PGH Web

PGH Web

Web Solutions from Pittsburgh

What Gets Logged and Why (and What You're Losing by Logging Everything)

Jeff Straney·

Share:XFacebookLinkedInReddit

I inherited a system where every function logged entry and exit. Every database call logged the query and the results. Every HTTP request logged headers and body. The log files were 10GB a day. Searching for an actual error took 30 minutes of grepping through noise.

The problem was not that logging was bad. The problem was that logging everything made finding anything nearly impossible. The logs were technically complete. They were also useless.

The Signal/Noise Problem

When you log everything, you are hoping that when something breaks, the information you need will be in the logs. That is true. It will be. It will also be buried under a mountain of information about things that work fine every day.

A request that fails to authenticate: that is important. The fact that the code checked the authorization header and found no token: also important. The fact that 100,000 requests per day are being checked and the vast majority pass: not important. It is noise.

The time you spend filtering the noise is time you are not spending thinking about the problem. The time you spend thinking about the logs is time you are not spending fixing the issue.
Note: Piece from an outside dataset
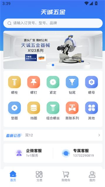 可以在搜索栏输入品牌、型号等搜索你想要的各样五金商品。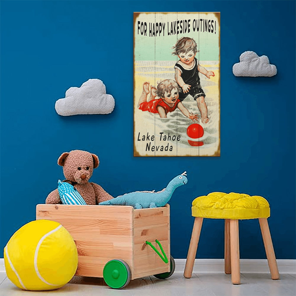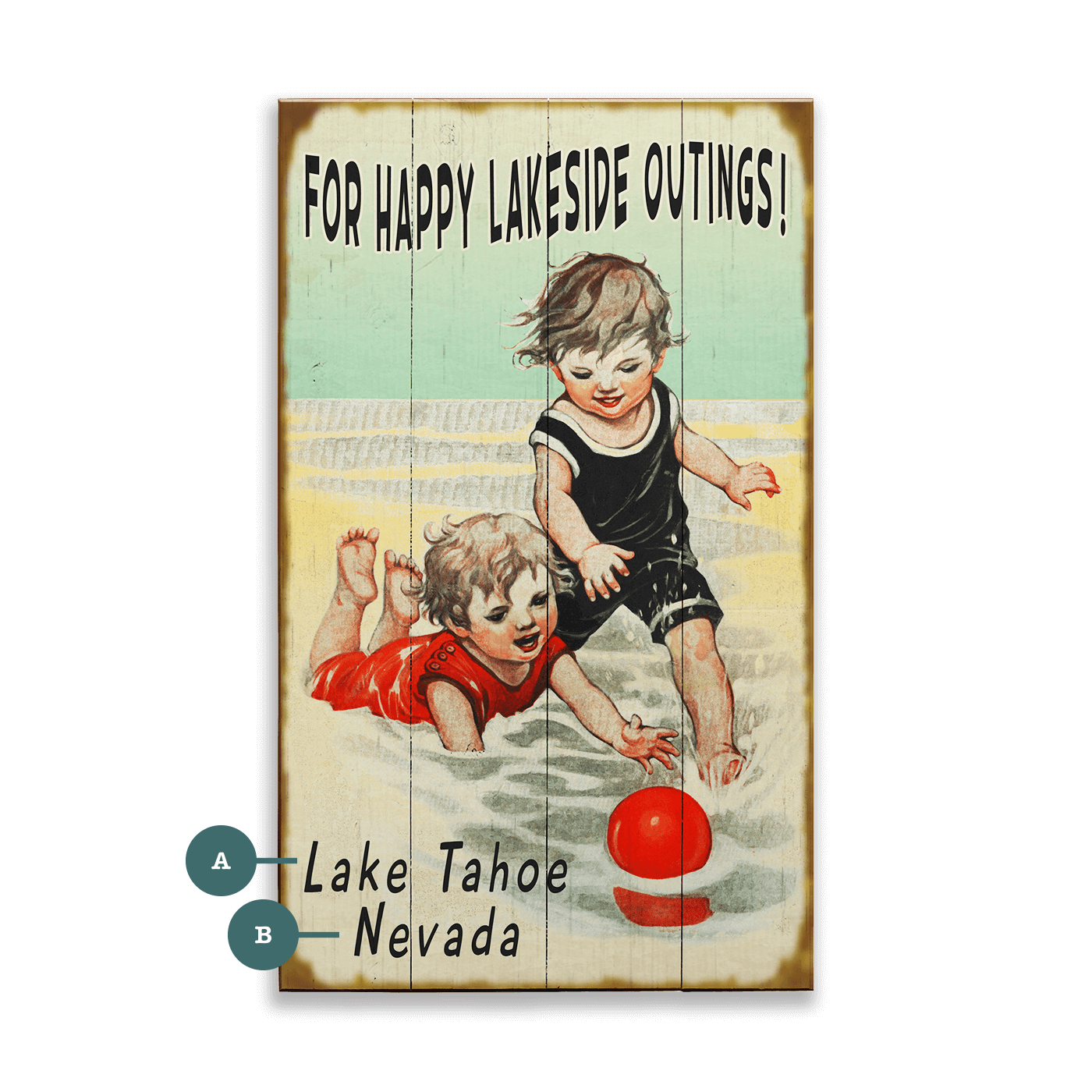 Full of innocence and playful charm, this heartwarming artwork captures the delight of childhood at the lake. Two young children splash in the shallow water, giggling as they chase a bright red ball through the gentle surf. Dressed in vintage swimsuits and surrounded by soft sand and waves, they embody the carefree joy of a perfect lakeside outing. With its nostalgic color palette and cheerful message, this piece is a sweet tribute to sunny memories and simple pleasures. Ideal for lake homes, family spaces, or vintage-inspired decor, it’s a reminder that the happiest days are often the simplest ones.

I have debugged production incidents where the logs were so high-volume that I had to write a script to filter them. The script took longer than the fix would have taken. The information I was looking for was in the logs. But the signal-to-noise ratio was so bad that I could not find it without automation.

What Actually Needs Logging

The decision is simpler than it sounds: log what you would need to know if the system were broken, not what the system does when it is working.

Log when something fails. Log why it failed if you know. That is the primary signal. Beyond that, log the branch points where something meaningful happened: a user authenticated, a retry triggered, a fallback activated. Log state transitions: a job completed, a cache invalidated, a connection opened. These are the touchstones for reconstructing what happened. Log performance outliers: a request that took ten times longer than usual, a query that hit the timeout.

What you do not need to log: routine success. If a request succeeded, the absence of an error log implies it. You do not need to log it. Function entry and exit adds noise without signal. The calling code tells you whether the function ran. And anything that happens thousands of times per second at normal load does not belong in production logs unless it is slow or broken. A cache hit is not interesting. A cache hit that took 500ms is.

How to Actually Implement This

Use log levels. ERROR is for things that are wrong. WARN is for things that are unexpected but recoverable. INFO is for significant state changes. DEBUG is for everything else.

In production, log at INFO level or above. Log at DEBUG only when you are actively investigating a problem. High-volume DEBUG logs are for development and staging, not production.

Structure your logs so they are parseable. A log entry should be: timestamp, level, context (what operation triggered this), message (what happened), and any relevant data. Make the message consistent so you can grep for it. Make the data structured so you can parse it.

2026-04-15 14:23:01 ERROR auth userId=42 error="token_expired" request_id="abc123"
2026-04-15 14:23:02 WARN cache operation=invalidate key="user:42" reason="token_changed"
2026-04-15 14:23:03 INFO job completed job_id="job:999" duration_ms=1200 rows_processed=5000

Each of these entries tells you something specific that happened. When you search the logs for userId=42, you get a narrative of what happened with that user, not a timeline of every function that executed while that user's request was being processed.

The Payoff

When something breaks at 2am, you need to know what is broken and why. You do not need to know everything the system did while it was breaking. You need the signal. You need to be able to read the logs in less time than it takes to fix the problem, not more.

I have been in two incidents: one where logs were verbose and I spent 30 minutes filtering them, and one where logs were selective and I found the problem in 5 minutes. The difference was not that one team was smarter. The difference was that one team had decided in advance what was worth logging and what was noise.

That decision, made when the system is working, saves hours when it is broken.